# How to find SMPS's Wattage and Power Rating?



## Techn0crat (May 29, 2009)

I have a year old PC with Circle Cosmo cabinet.Now I want to buy new HDD and want to add some fans.But the SMPS which came with cabinet has nothing on it except a barcode.How can I find it's Wattage and Power Rating?


----------



## Techn0crat (Jun 7, 2009)

Please help me.I can't even open it.It's still in warrenty


----------



## pimpom (Jun 7, 2009)

Have you looked at other sides of the SMPS box? Even if you could open the box, it wouldn't tell you anything about its power rating unless it's written on the inside, which is highly unlikely.

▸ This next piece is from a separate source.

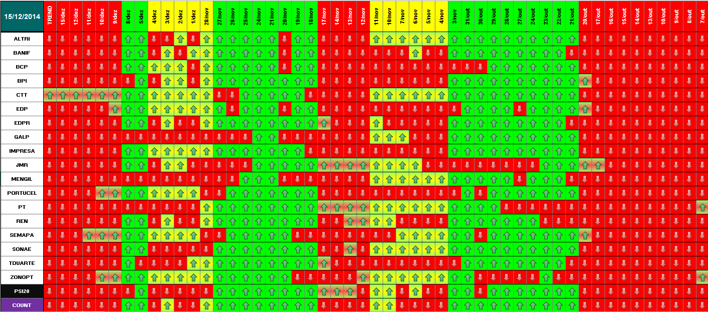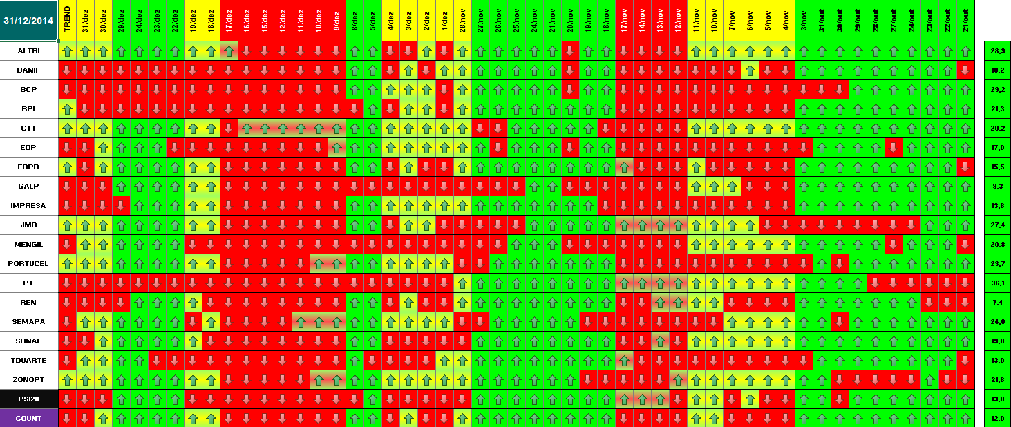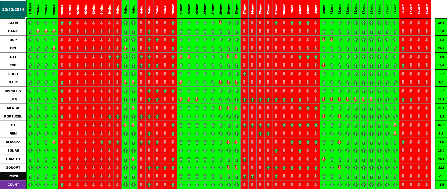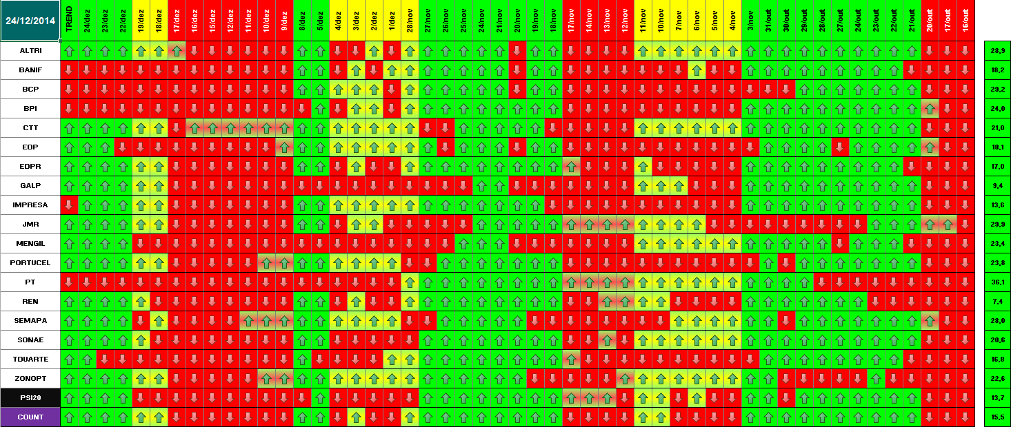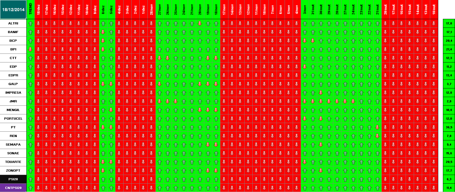 Segue em baixo informação / quadros atualizados com os dados de 18 de Dezembro de 2014. Se amanhã se confirmar este optimismo, o modelo deu sinal de presença no mercado. Hoje já se verificou essa informação para alguns títulos. Dos 18 títulos que compõem o PSI 20, metade (9) já deram sinal de entrada. Quanto ao optimismo de hoje e tendo em conta o sucedido a nível mundial (subida generalizada e com muita força em todas as praças), parece-me inquestionável que os investidores estão confiantes para os próximos dias. \:D/

Anyway, hard disks don't use a lot of power (around 10W) and fans use even less (~3W). So, unless your SMPS was just marginally enough to start with, adding a HDD and a fan should not be a problem.

If you described your configuration, it might give us an idea of what the electrical load is like at present.


----------



## Techn0crat (Jun 13, 2009)

Yes,I have looked around the SMPS box but nothings there
My configuration is:
CPU:Intel C2D E8550 (2.33 GHz)
MoBo:Intel DG33FB
RAM:Transcend 2GB 667 MHz
Sony DVD writer
and WD Cavier 250 GB HDD along with 1 front and 2 rear fans.


----------